Bergen, Norway, 11 Dec 2017 - BerGenBio ASA (OSE: BGBIO), a clinical-stage
biopharmaceutical company focused on developing a pipeline of first-in-class AXL
kinase inhibitors to treat multiple cancer indications, today announced that it
presented an update on the BGBC003 clinical trial (NCT02488408) with selective
AXL inhibitor BGB324 in patients with relapsed/refractory Acute Myeloid
Leukaemia (AML) or Myeloid Dysplastic Syndrome (MDS). Clinical benefit was
observed and three novel, proprietary predictive biomarker candidates were
identified. Data showing the immune modulatory effect of BGB324 in this patient
population was also reported.
In a poster presentation at the 59th American Society of Hematology Annual
Meeting in Atlanta entitled: "The orally available selective AXL inhibitor
BGB324 induces diversification of the immune repertoire and specific changes in
plasma biomarker profiles", Professor Sonja Loges, attending physician at the
University Hospital in Hamburg-Eppendorf and lead investigator of the BGBC003
trial, detailed the following:
· 35 patients with relapsed/refractory AML or MDS received BGB324 monotherapy
on the BGBC003 trial. Two patients achieved complete responses with incomplete
heamatologic recovery (CRi) and five achieved partial responses (PR). Seven
patients reported disease stabilisation for more than four months. Four patients
remain on study at the time of data cut-off.
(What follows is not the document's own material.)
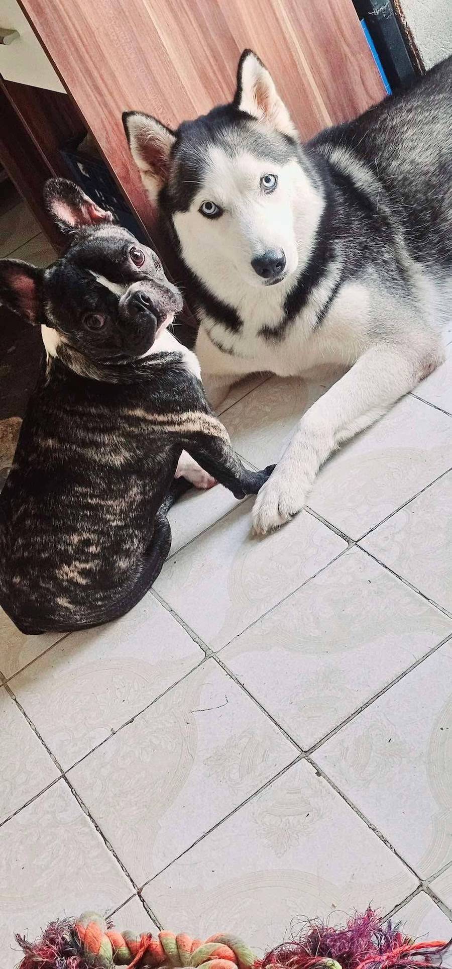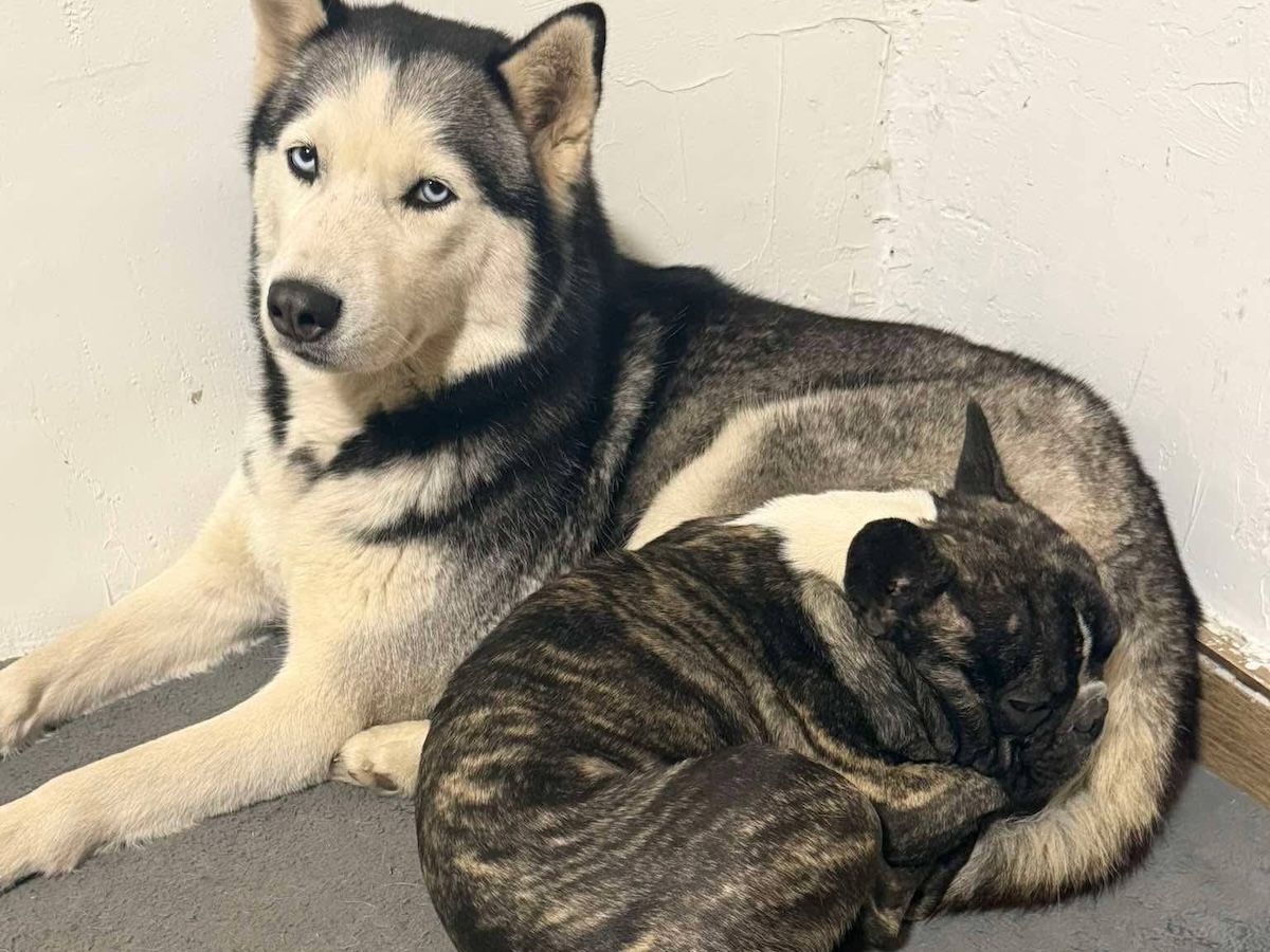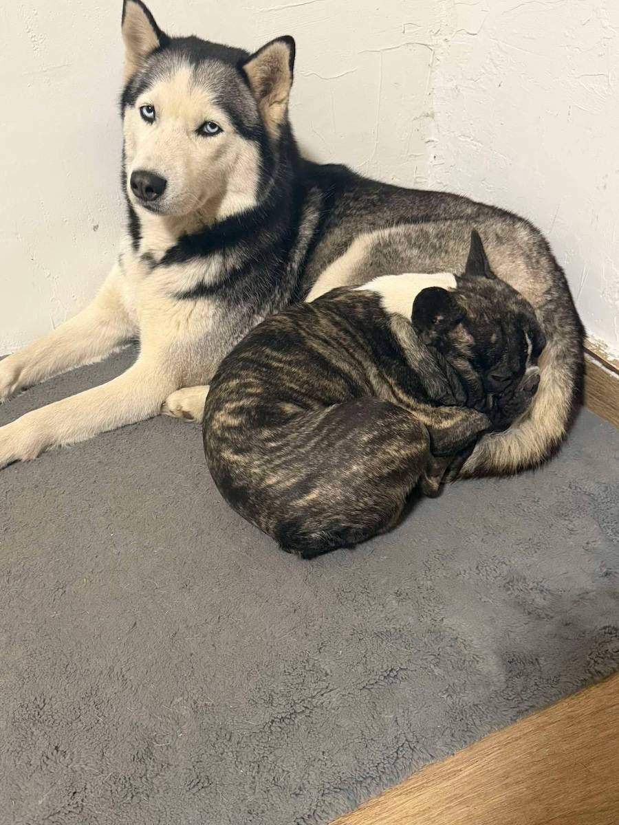 Ein vierjähriger Husky und eine zweijährige Französische Bulldogge.

· Three novel predictive biomarker candidates that correlated significantly
with clinical benefit were detected in blood, bone marrow plasma or bone marrow
cell samples from patients.
· Over the course of treatment with BGB324, patients demonstrated a
diversification of their T- and B-cell receptor repertoire in peripheral blood
and/or bone marrow indicating immune activation upon BGB324 therapy.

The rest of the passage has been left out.